Records excerpted from a collection
+ + + +
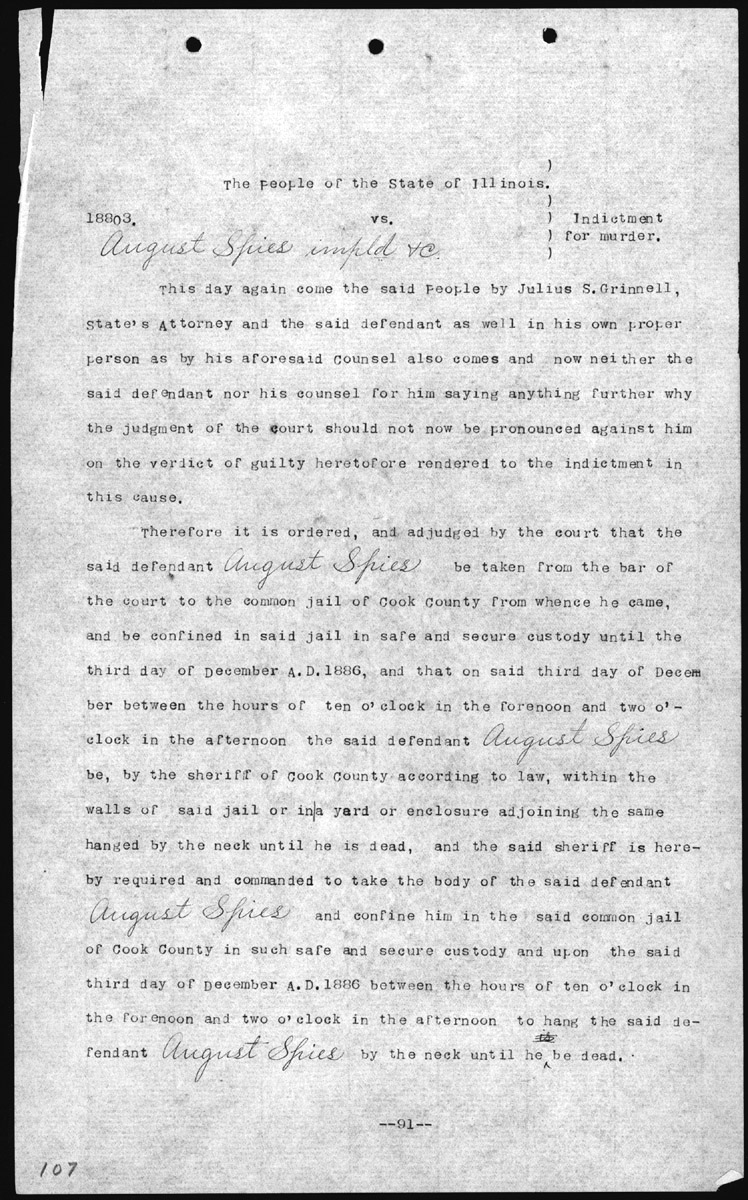 Indictment for murder with sentence against August Spies Volume 1, Page 107
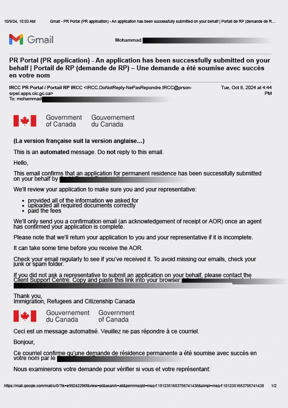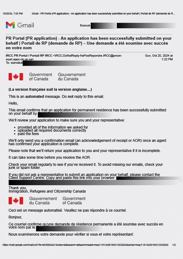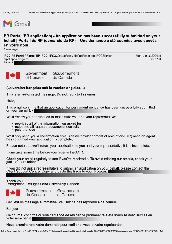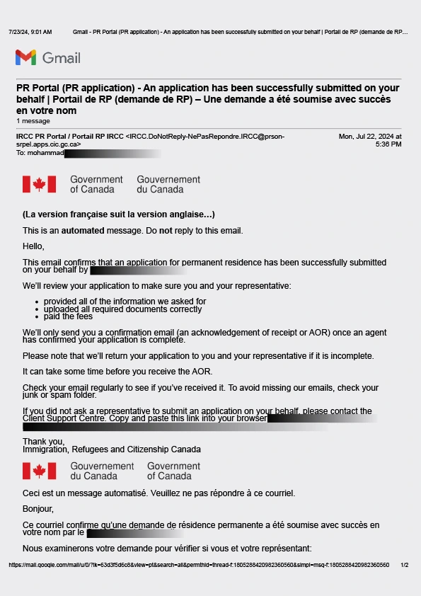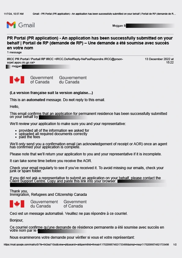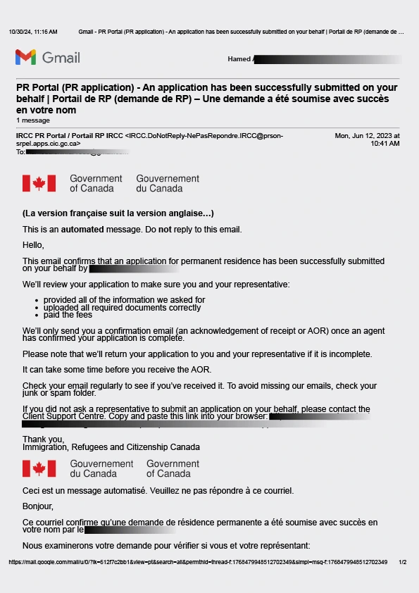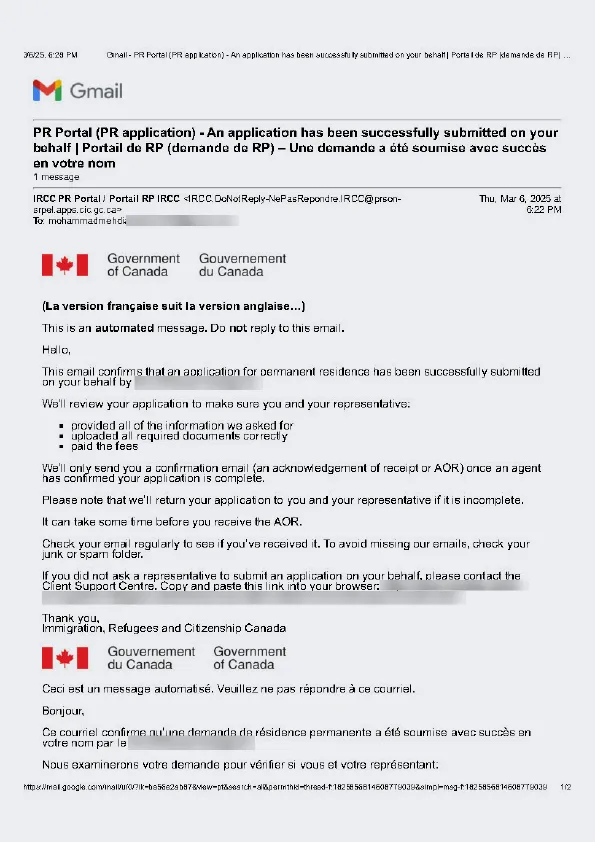سابمیت پرونده در ادامه مهاجرت کانادا
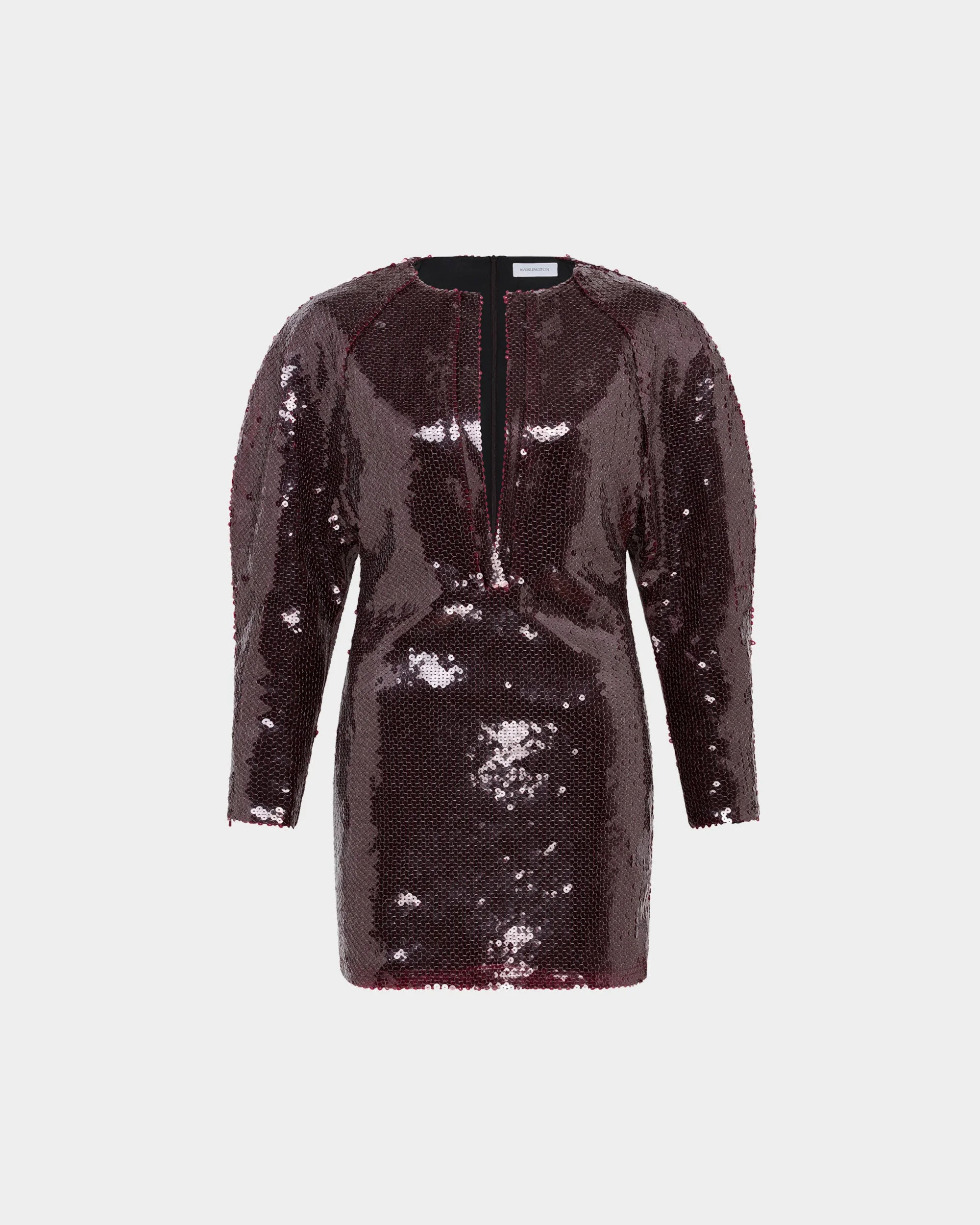 The Mitilla Mini Dress is a striking, long sleeved silhouette in deep burgundy sequins, designed to catch the light with subtle intensity. It features a narrow plunge split at the front and sculptural long sleeves shaped with volume through the shoulders and upper arms before tapering neatly at the wrists. MORE DETAILS Designed for a regular fit. The model is 5'10" (178cm) and wears a UK 8. - Main: 100% Polyester - Lining: 100% Recycled Polyester - Care: Professional dry clean only - Made in Portugal. Style number: D-MN-655-AW25-01
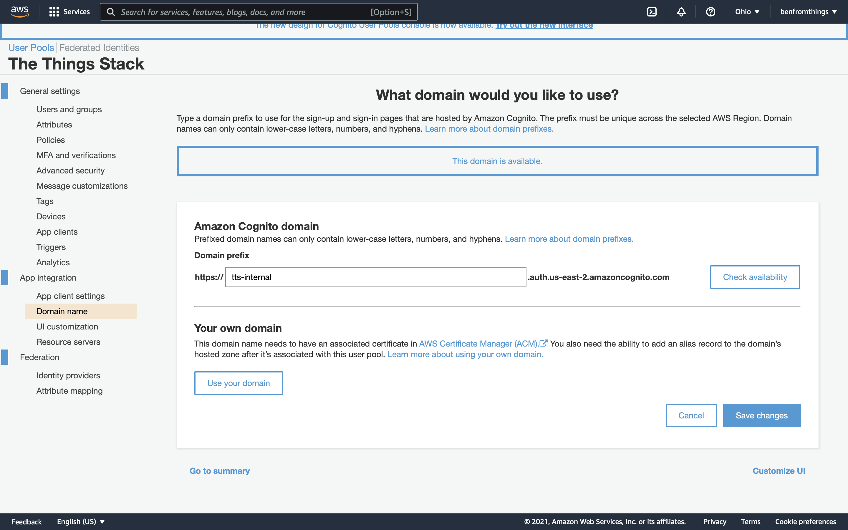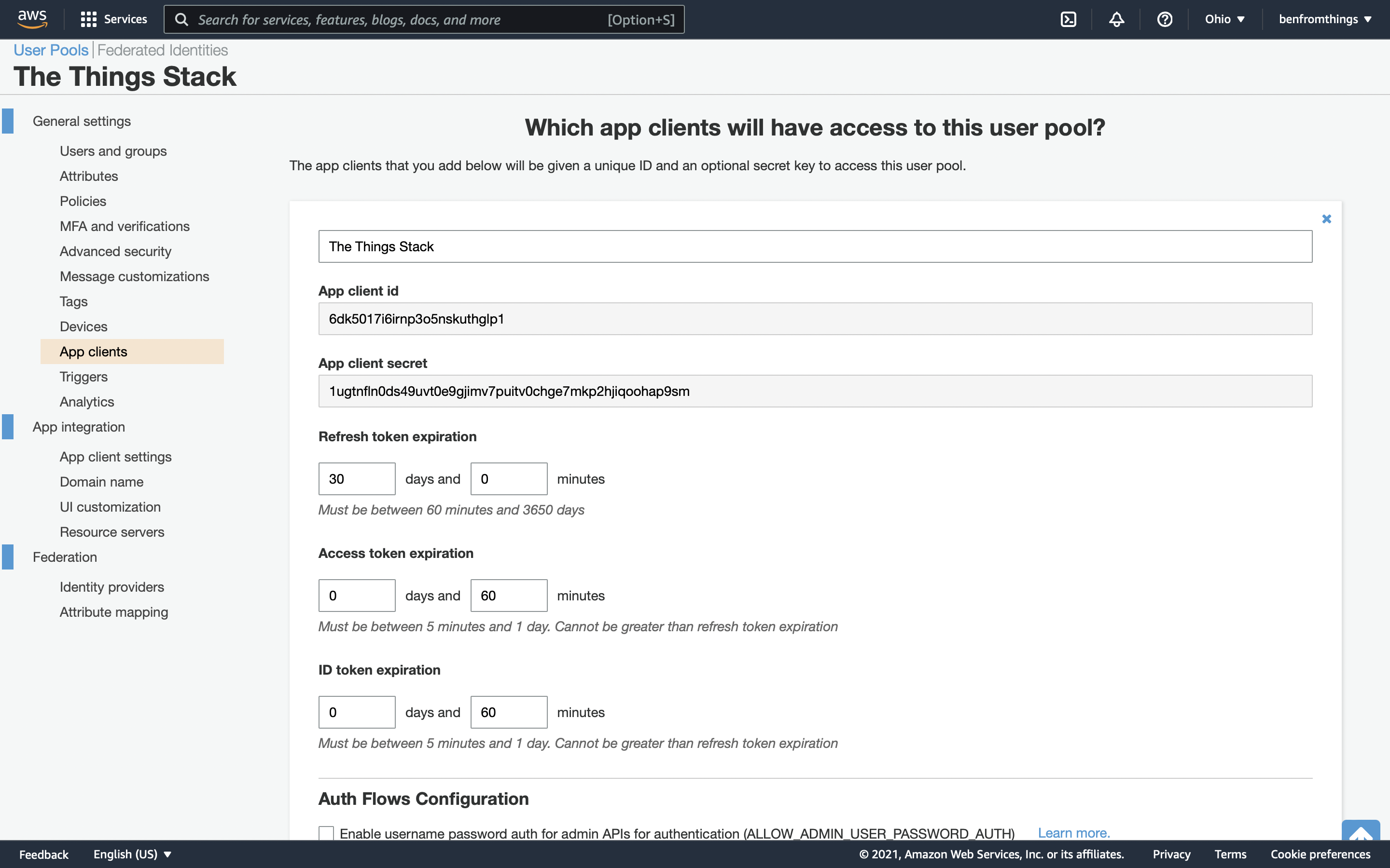 This section contains instructions to configure Amazon Cognito to work with The Things Stack.
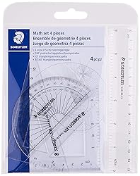 - Make learning geometry a breeze with this essential classroom 4 piece math set (569 WP4 02) from STAEDTLER. Designed for students from elementary through college, this portable geometry kit includes everything needed for precise measurements: a clear 6-inch ruler, two triangle set squares, and a 180-degree protractor. The transparent tools feature both metric and imperial scales, making it easy to see your work clearly. Whether you're sketching geometric shapes, working on drafting projects, or solving math problems, this compact geometry ruler set gives you the accuracy you need to succeed.
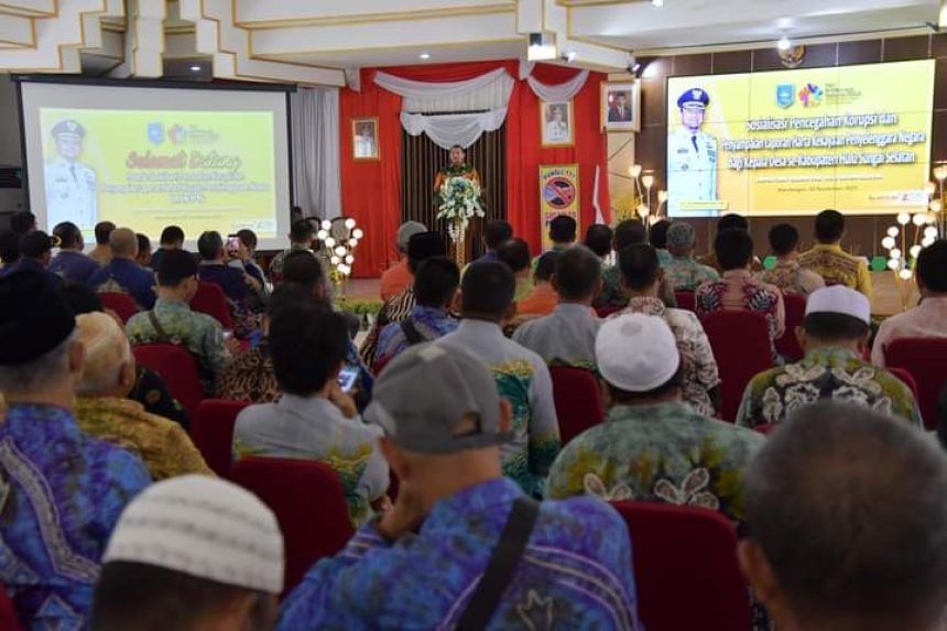 KANDANGAN, teladankalimantan.com-Pemerintah Kabupaten Hilu Sungai Selatan (Pemkab HSS) menggelar Sosialisasi Laporan Harta Kekayaan Penyelenggara Negara (LHKPN) dan Antikorupsi bagi Kepala Desa se-Kabupaten HSS, Kamis (2/11/2023).
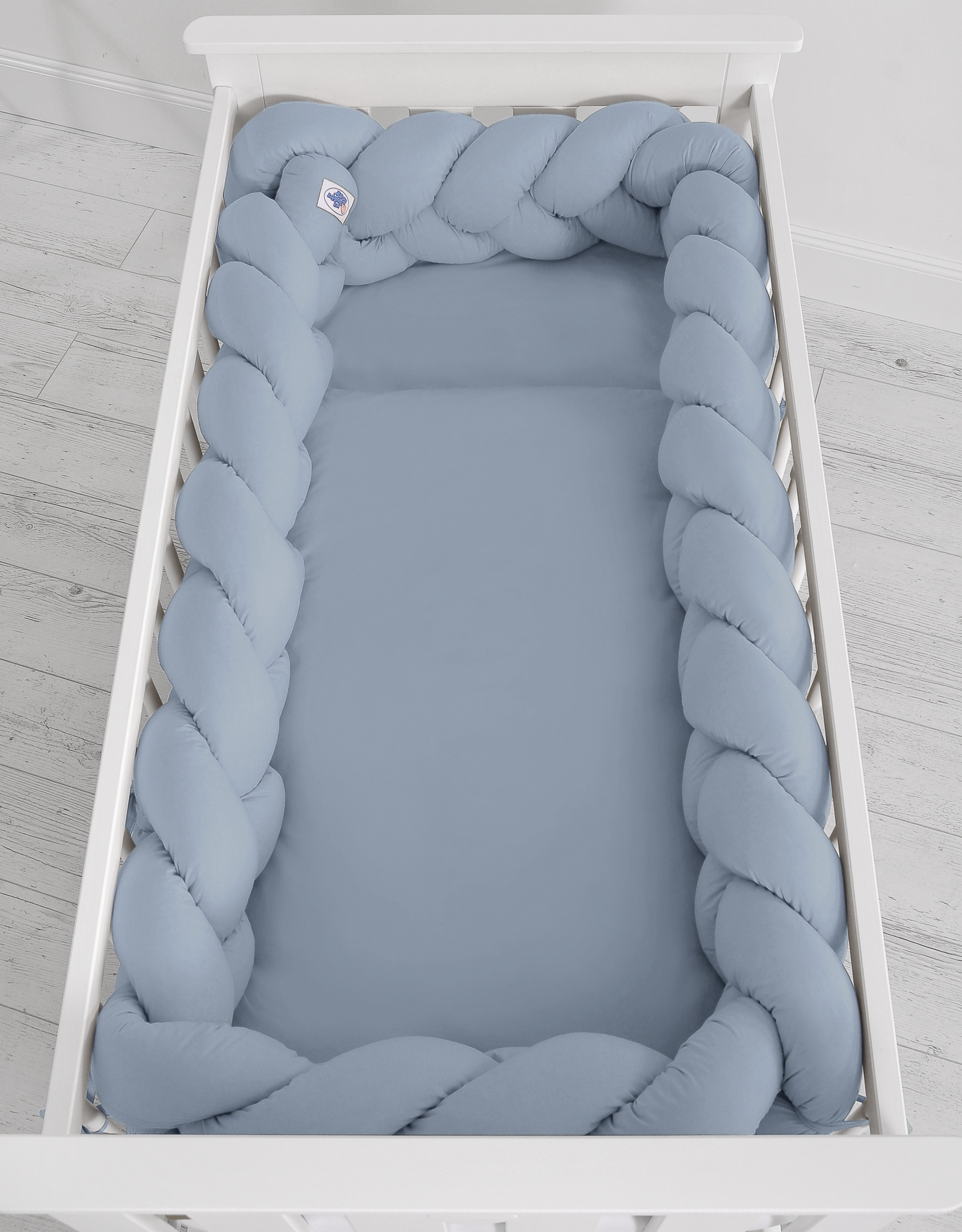 Magnifique tour de lit tressé très doux en 100% coton. Peut être fixé sur les barreaux.
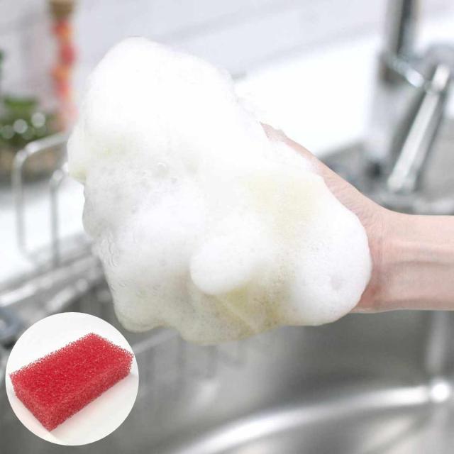 傷つけにくくしっかりと洗える赤星スポンジ
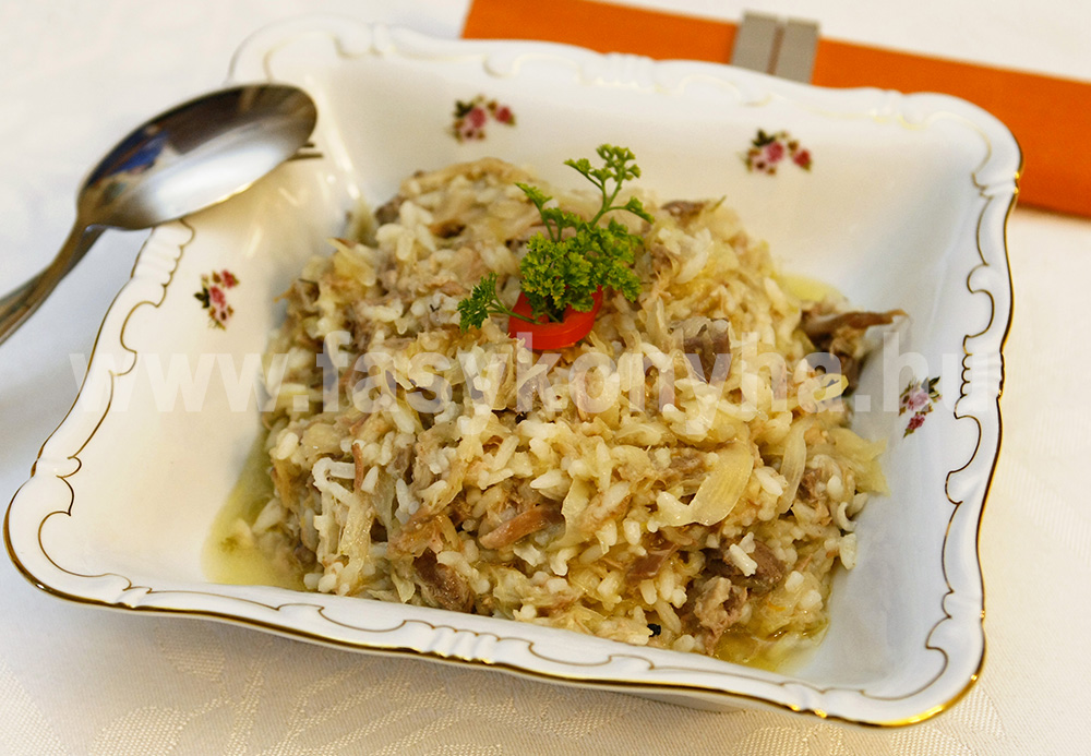 Az aprólékokat megtisztítjuk, átmossuk, beletesszük egy fazékba, felöntjük vízzel és felforraljuk. A levet leöntjük róla, majd ismét felöntjük 1 l vízzel, visszatesszük a tűzhelyre, majd belehelyezzük a tisztított zöldségeket és a fűszereket. Lassú tűzön kb. 3 óra alatt puhára főzzük. Menet közben merőkanállal a zsírt leszedjük a leves tetejéről egy lábasba, azután a savanyú káposztát belerakjuk és fedő alatt puhára pároljuk. A kész levest szűrőn keresztül leszűrjük. A szárnyakról a húst lefejtjük és kockákra vágjuk a belsőségekkel és a zöldségekkel együtt. A levesbe belerakjuk a rizst, állandó kevergetés mellett puhára főzzük, majd belerakjuk a káposztát, a kockázott húsokat, a belsőségeket, a zöldségeket és összekeverjük. Konyharuhával lefedjük, fedőt tesszük rá. 10-15 perc után tálaljuk.
+ + + +
* _Activity_
Give back every entry verbatim. No pictures belong in the copy.

* _Completed task_
 Indictment for murder with sentence against August Spies Volume 1, Page 107
سابمیت پرونده در ادامه مهاجرت کانادا
 The Mitilla Mini Dress is a striking, long sleeved silhouette in deep burgundy sequins, designed to catch the light with subtle intensity. It features a narrow plunge split at the front and sculptural long sleeves shaped with volume through the shoulders and upper arms before tapering neatly at the wrists. MORE DETAILS Designed for a regular fit. The model is 5'10" (178cm) and wears a UK 8. - Main: 100% Polyester - Lining: 100% Recycled Polyester - Care: Professional dry clean only - Made in Portugal. Style number: D-MN-655-AW25-01
 This section contains instructions to configure Amazon Cognito to work with The Things Stack.
 - Make learning geometry a breeze with this essential classroom 4 piece math set (569 WP4 02) from STAEDTLER. Designed for students from elementary through college, this portable geometry kit includes everything needed for precise measurements: a clear 6-inch ruler, two triangle set squares, and a 180-degree protractor. The transparent tools feature both metric and imperial scales, making it easy to see your work clearly. Whether you're sketching geometric shapes, working on drafting projects, or solving math problems, this compact geometry ruler set gives you the accuracy you need to succeed.
 KANDANGAN, teladankalimantan.com-Pemerintah Kabupaten Hilu Sungai Selatan (Pemkab HSS) menggelar Sosialisasi Laporan Harta Kekayaan Penyelenggara Negara (LHKPN) dan Antikorupsi bagi Kepala Desa se-Kabupaten HSS, Kamis (2/11/2023).
 Magnifique tour de lit tressé très doux en 100% coton. Peut être fixé sur les barreaux.
 傷つけにくくしっかりと洗える赤星スポンジ
 Az aprólékokat megtisztítjuk, átmossuk, beletesszük egy fazékba, felöntjük vízzel és felforraljuk. A levet leöntjük róla, majd ismét felöntjük 1 l vízzel, visszatesszük a tűzhelyre, majd belehelyezzük a tisztított zöldségeket és a fűszereket. Lassú tűzön kb. 3 óra alatt puhára főzzük. Menet közben merőkanállal a zsírt leszedjük a leves tetejéről egy lábasba, azután a savanyú káposztát belerakjuk és fedő alatt puhára pároljuk. A kész levest szűrőn keresztül leszűrjük. A szárnyakról a húst lefejtjük és kockákra vágjuk a belsőségekkel és a zöldségekkel együtt. A levesbe belerakjuk a rizst, állandó kevergetés mellett puhára főzzük, majd belerakjuk a káposztát, a kockázott húsokat, a belsőségeket, a zöldségeket és összekeverjük. Konyharuhával lefedjük, fedőt tesszük rá. 10-15 perc után tálaljuk.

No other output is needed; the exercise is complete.